Do you just copy and paste into an Ai tool, or are you doing something smarter?

Mamma Mia · Aug 2, 2025

Gerry_A_Trick said:
Do you just copy and paste into an Ai tool, or are you doing something smarter?

I made a thing. It'll scrape a given thread, topic keyword, or username, and put all posts, tagged with topic, sentiment analysis, category, into a DB and rag for LLM analysis and context etc.

I'll post the details in a spoiler tag a bit later.

Mamma Mia · Aug 2, 2025

I was going to put it online and share it, but when I started a web UI I realised I was just distracting myself with another hobby project instead of working on more important things, so it's all CLI menu driven at the moment.

Mamma Mia · Aug 2, 2025

As promised, for anyone interested in how the "thing" works under the hood, here's a breakdown of the architecture. It's a full data pipeline now.

The Overall Flow
The system works in four main stages:
1. **Scrape & Parse:** Collects the raw data from the forum.
2. **Store & Structure:** Puts the data into a relational database.
3. **Enrich & Embed:** Adds layers of AI-generated meaning to the data.
4. **Retrieve & Generate:** Uses the enriched data to answer questions intelligently.

---

1. The Scraper Engine
This isn't a basic scraper. It's a hybrid system designed to be robust.

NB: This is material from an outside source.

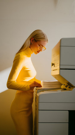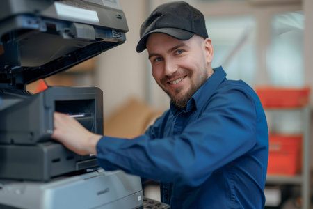 Young employee operates a modern printer in a stylish office environment during the workday

**Authentication:** It uses a headless browser (`Playwright`) to handle the full login flow, including the 2FA step. Once logged in, it extracts the session cookies.
**Scraping:** For the actual high-volume scraping, it uses the authenticated session with the `requests` library for speed. This is much faster than running a full browser for every page.
**Parsing:** It uses `BeautifulSoup` to parse the HTML. Crucially, it has two different parser modes: one for the detailed structure of thread pages and another for the more compact structure of search result pages. It automatically detects the URL type and uses the correct parser.
**Data Extraction:** It's not just grabbing post text. It pulls out everything relationally: `post_id`, `user_id`, `thread_id`, post number, timestamps, and it also parses out all the **quotes** and **reactions** for each post.

---

2. The Database (The "Long-Term Memory")
All the scraped data goes into a local **SQLite database**. This is the system's memory. Instead of a pile of messy JSON files, the data is organized into tables that are all linked together:

`users`: Stores user info.
`threads`: Stores thread titles and IDs.
`posts`: The core table with all post content.
`quotes`: A relational table linking which post quotes which other post.
`reactions`: A table linking users and posts through reactions (e.g., 'Like').

---

3. The Enrichment Pipeline (The "Intelligence" Layer)
This is where the raw data gets its "intelligence." This is a multi-step, asynchronous process using Google's Gemini models.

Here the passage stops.